IIRC, if you accidentally run over someone with your car in China, it makes legal and financial sense to back up over them to make sure they're dead. The restitution payment for accidental death is much less than the lifelong restitution payments for the victim's medical care and disability.

http://www.slate.com/articles/news_and_politics/foreigners/2...

> In China the compensation for killing a victim in a traffic accident is relatively small—amounts typically range from $30,000 to $50,000—and once payment is made, the matter is over. By contrast, paying for lifetime care for a disabled survivor can run into the millions. The Chinese press recently described how one disabled man received about $400,000 for the first 23 years of his care. Drivers who decide to hit-and-kill do so because killing is far more economical.

The "wild west" was really not as wild as people think.

A nice book that explores a little how problems were actually solved in the wild west is:

> The Not So Wild, Wild West: Property Rights on the Frontier

> https://www.amazon.com/Not-So-Wild-West-Economics/dp/0804748...

> Also, how are cash fines going to work against broke criminals?

Sounds like a perfect opportunity to bring back debtor's prisons, where the interest on your debt and the fees for your keeping compound at a rate just higher than the rate you're "earning off" that debt...

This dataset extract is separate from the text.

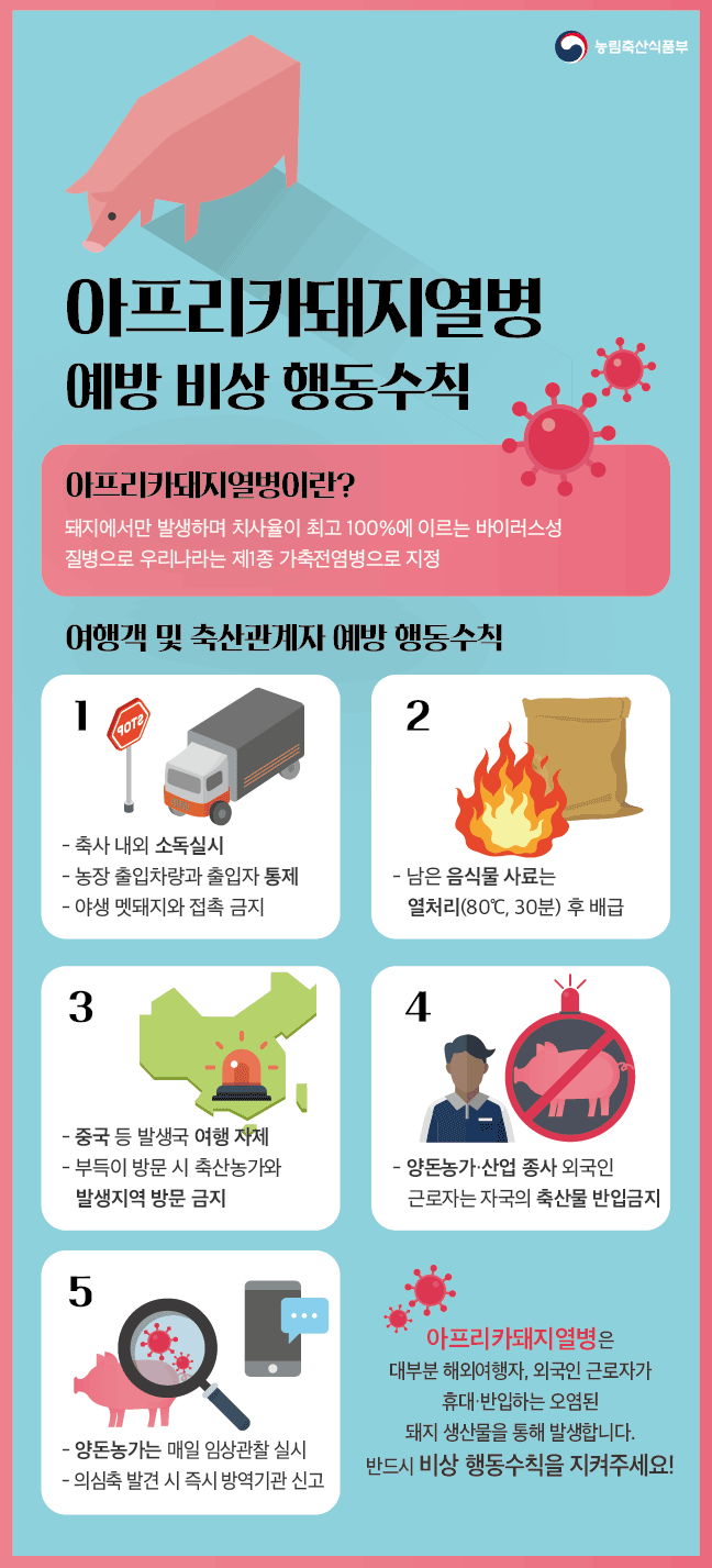 아프리카돼지열병은 1921년 아프리카 케냐에서 최초로 발생 보고된 이병률이 높고 급성형에 감염되면 치사율이 거의 100%에 이르기 때문에 양돈 산업에 엄청난 피해를 주는 질병으로, 치명적인 바이러스성 출혈성 돼지 전염병으로 병원성에 따라 보통 고병원성, 중병원성 및 저병원성으로 분류됩니다. 아직까지 치료제나 백신이 존재하지 않는 것으로 알려져 있어, 이 질병이 발생하면 세계동물보건기구(OIE)에 발생 사실을 즉시 보고해야 하며 돼지와 관련된 국제교역도 즉시 중단되게 되어있습니다. 우리나라에서는 이 질병을 가축전염병예방법상 제1종 법정전염병으로 지정하여 관리하고 있습니다

Et voilà, endless, legal slave labor.

Bounty hunters exist today, avoid shootouts, and are well enough trained when that happens. They would have no special powers, and thus be liable for any damages caused by a shootout.
> My initial thought is that this would create a "wild west" type society where bounty hunters go around and have shootouts with criminals, but without police training.

As I understand it, the western frontier was actually relatively crime free (low rates of murder, robbery, etc.)

With regards to training, it seems like something vocational schools could offer at reasonable rates.